Opinion
CIVIL ACTION NO. 11-2475 (MLC)
04-09-2012
NOT FOR PUBLICATION
OPINION
THE PLAINTIFF, James Hurly, commenced this action in state court on March 24, 2011, against the defendant, Pfizer Inc. ("Pfizer"), raising claims for breach of express warranty and various theories of products liability. (Dkt. entry no. 1, Rmv. Not., Ex. A., Compl.) Hurly's factual allegations and legal claims stem from his use of a pharmaceutical sold and distributed by Pfizer, Lipitor. (Id. at ¶ 5, 32-37.)
PFIZER now moves for summary judgment pursuant to Federal Rule of Civil Procedure ("Rule") 56 and Local Civil Rule 56.1, arguing that the action is barred by the applicable statute of limitations, N.J.S.A. § 2A:14-2(a). (Dkt. entry no. 14, Mot.; dkt. entry no. 14-1, Pfizer Br.) Hurly opposes the motion and argues that the "Discovery Rule", as applied to the facts of this case, tolls the statute of limitations. (Dkt. entry no. 15, Opp'n Br. (citing and discussing, inter alia, Goodman v. Mead-Johnson & Co., 534 F.2d 566, 570-71 (3d Cir. 1976)).) The Court resolves the Motion for Summary Judgment (the "Motion") without oral argument pursuant to Local Civil Rule 78.1(b).
THE COURT shall grant relief pursuant to Rule 56 "if the movant shows that there is no genuine dispute as to any material fact and the movant is entitled to judgment as a matter of law." Fed.R.Civ.P. 56(a). The Court will, however, deny a motion for summary judgment if the non-moving party "make[s] a showing sufficient to establish the existence of an element essential to [its] case, and on which [it] will bear the burden of proof at trial." Celotex Corp. v. Catrett, 477 U.S. 317, 322 (1986); see also Galli v. N.J. Meadowlands Comm'n, 490 F.3d 265, 270 (3d Cir. 2007) ("To prevail on a motion for summary judgment, the non-moving party must show specific facts such that a reasonable jury could find in that party's favor, thereby establishing a genuine issue of fact for trial."). When resolving a motion for summary judgment, the Court views the evidence in the light most favorable to the non-moving party and makes all reasonable inferences in that party's favor. Galli, 490 F.3d at 270; Goodman, 534 F.2d at 573 ("The non-movant's allegations must be taken as true and, when those assertions conflict with those of the movant, the former must receive the benefit of the doubt.").

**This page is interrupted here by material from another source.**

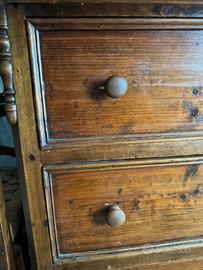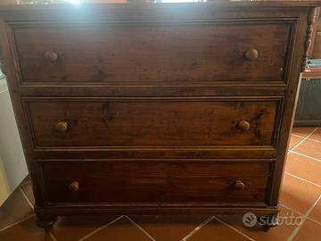 Cassettone antico in legno massello, 3 grandi cassetti, maniglie originali e piedi torniti.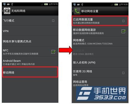 1)关闭移动网络数据连接:平时不需要手机联网时应及时关闭数据连接,避免产生不必要流量。选择【设置】→【更多】→【移动网络】,并取消勾选【已启用数据流量】选项,或者直接在通知栏的下拉菜单中点击【关闭数据业务】(如下图)

THE COURT now finds that Hurly's primary care physician, Dr. Waters ("Waters"), prescribed Lipitor in March of 2006 and that Hurly thus used Lipitor until September of 2008. (Compl. at ¶ 31; dkt. entry no. 14-2, Pfizer Statement of Facts ("SOF") at ¶¶ 10, 14; Response to Pfizer SOF at ¶¶ 10, 14.) Waters discontinued this prescription in September of 2008 after Hurly complained, inter alia, of loss of sensation in his toes. (Pfizer SOF at ¶ 11; Response to Pfizer SOF at ¶ 11.) Because Hurly's condition did not improve after Waters discontinued the Lipitor prescription -- because Hurly's condition appeared to worsen -- Waters referred Hurly to a neurologist, Dr. Viradia ("Viradia"), in February of 2009. (Pfizer SOF at ¶ 16; Response to Pfizer SOF at ¶ 16; dkt. entry no. 14-6, Hurly Dep. at 49 (noting that Waters "expected these symptoms to go away, and they got worse").) Viradia, on March 27, 2009 diagnosed Hurly with neuropathy, i.e., nerve damage, and informed Hurly that such damage may have been caused by Lipitor. (Dkt. entry no. 16, Hurly SOF at ¶ 7; dkt. entry no. 19-1, Response to Hurly SOF at 39-40; Hurly Dep. at 49-50.)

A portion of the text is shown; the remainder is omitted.